Friday, March 18, 2011
Things you THINK you should do when you drink, but you shouldn't
In honor of yesterdays holiday, here is a list of all the things you most likely did last night, but really wish you didn't. In a sober mind, many of us make pretty good decisions (most of us), but with the introduction of an alcoholic beverage or two, suddenly our ability to make wise decisions seems to be as impossible as and NFL player having a career post football life.
Please print out this list, and carry it with you on each weekend evening. Because no matter how much you believe you are making a right choice, your not. Also, your ability to complete a task at a higher level than you can when you are sober is simply impossible. I'm sorry to break the news to you.
Fighting: Guys, you didn't magically gain 50 lbs. of muscle in the past two hours and no matter what, you look like an idiot.
Streaking: They are laughing with you, they're laughing at you.
New Talents: You're not showing off, you're just looking stupid.

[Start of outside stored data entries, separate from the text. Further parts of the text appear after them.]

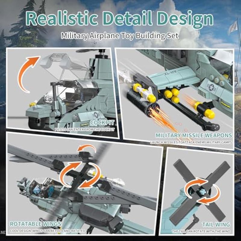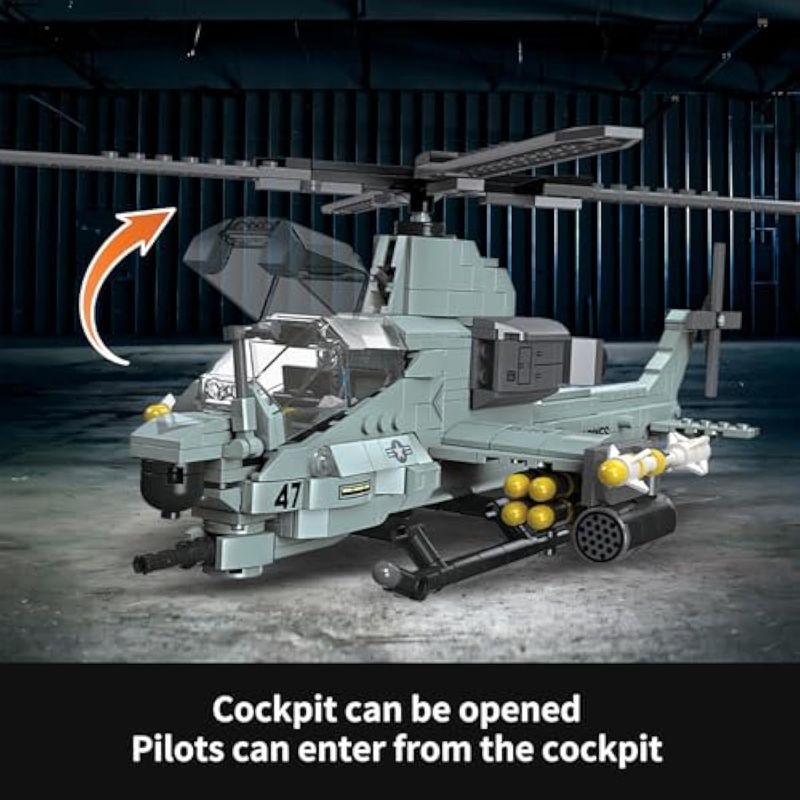 BEBES Y NIÑOSJUGUETESJuego de construcción de helicóptero AH-1Z Viper de 597 piezas, kit de construcción de aviones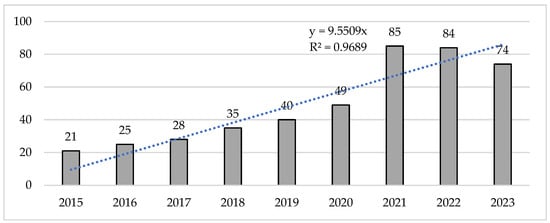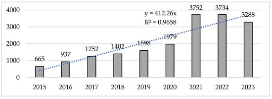 On the other hand, the number of citations per year showed an exponential increase, especially between 2021 and 2022, which were also the years with the highest number of citations received (Figure 3). With respect to the total number of citations received by the studies in each of the years, a significant increase was observed, with 2021 and 2022 receiving totals of 3752 and 3734 citations, respectively. This increase in the number of citations allowed us to perform a collective analysis of the sample, which evidenced an exponential increase of 464.21% when comparing the citations received in 2015 and 2021, which was the year of the highest number of citations.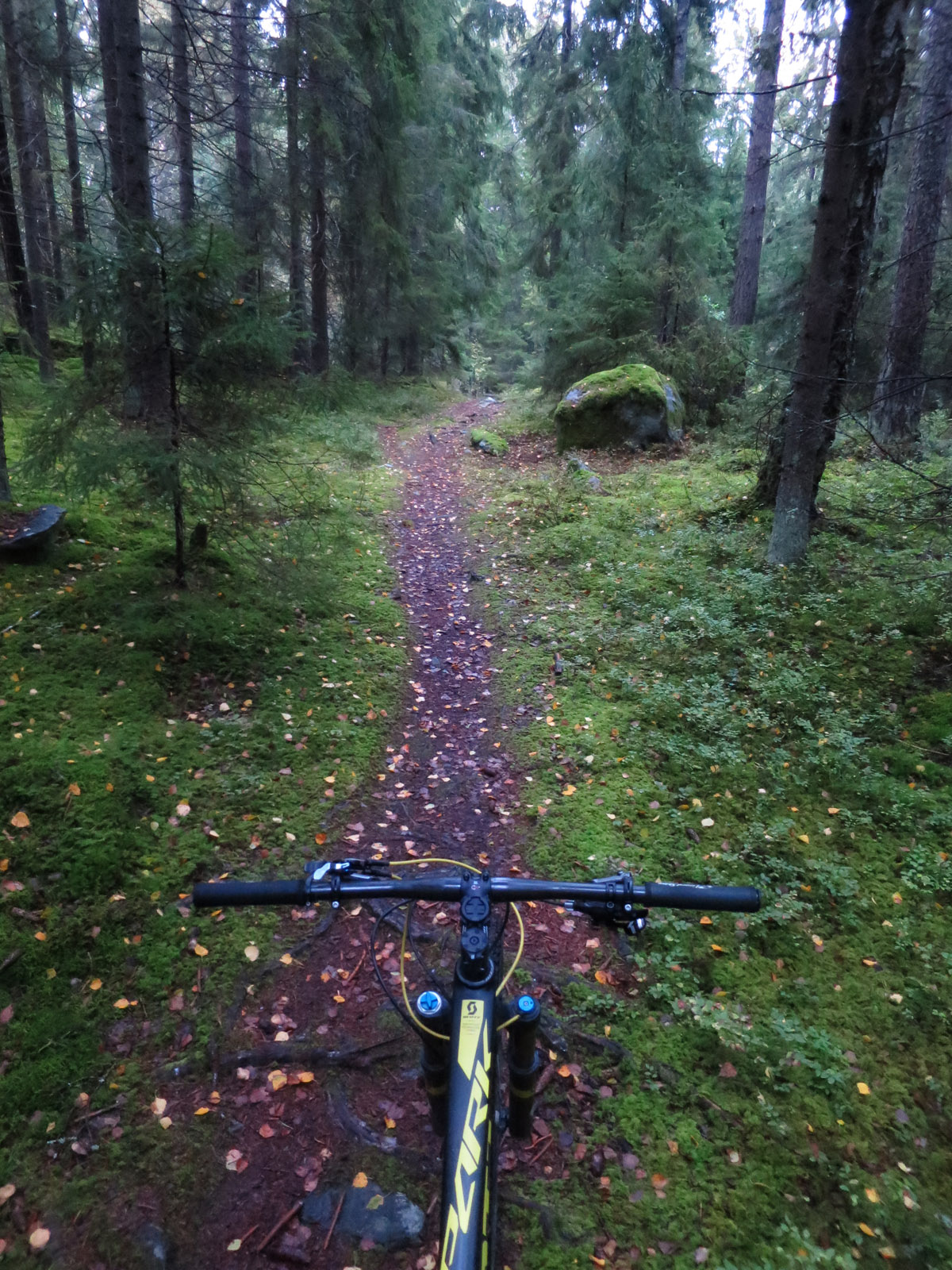 Vi inleder vid Markuskyrkan i Björkhagen, med grusvägsåkning några kilometer, och tar oss förbi golfbanan. En liten brant och en tvär vänstersväng och sedan börjar det roliga – stig som leder mot klassiska träbron över Söderbysjön. Vi får sedan nöta stigar, några branter, dödsrötterna från helvetet, finfin hällåkning, hagar, många spångar, grus, forsar, en och annan teknisk utförslöpa och även lite push bike på sina ställen. När vi närmar oss Tyresta nationalpark, tar vi en väg runt, eftersom det är cykelförbud i nationalparken. Det gör inget, för det finns mycket fin stig vid sidan av med!

Accessorising: Lamp shades are not hats.
Telling the truth: one drink and suddenly you're George Washington.
Hitting on the Opposite Sex: You're not any smoother.
Political Conversations: A quick way to make everyone around you uncomfortable.
Dancing: No, you don't look super sexy. Plus, you just fell down.
Calling Your Ex: While you may not remember the next day, your phone log will make sure to remind you of your epic failure.
Singing: No one enjoys it unless they are all at the same intoxication level as you.
thanks Huffingtonpost.com for this dead on list.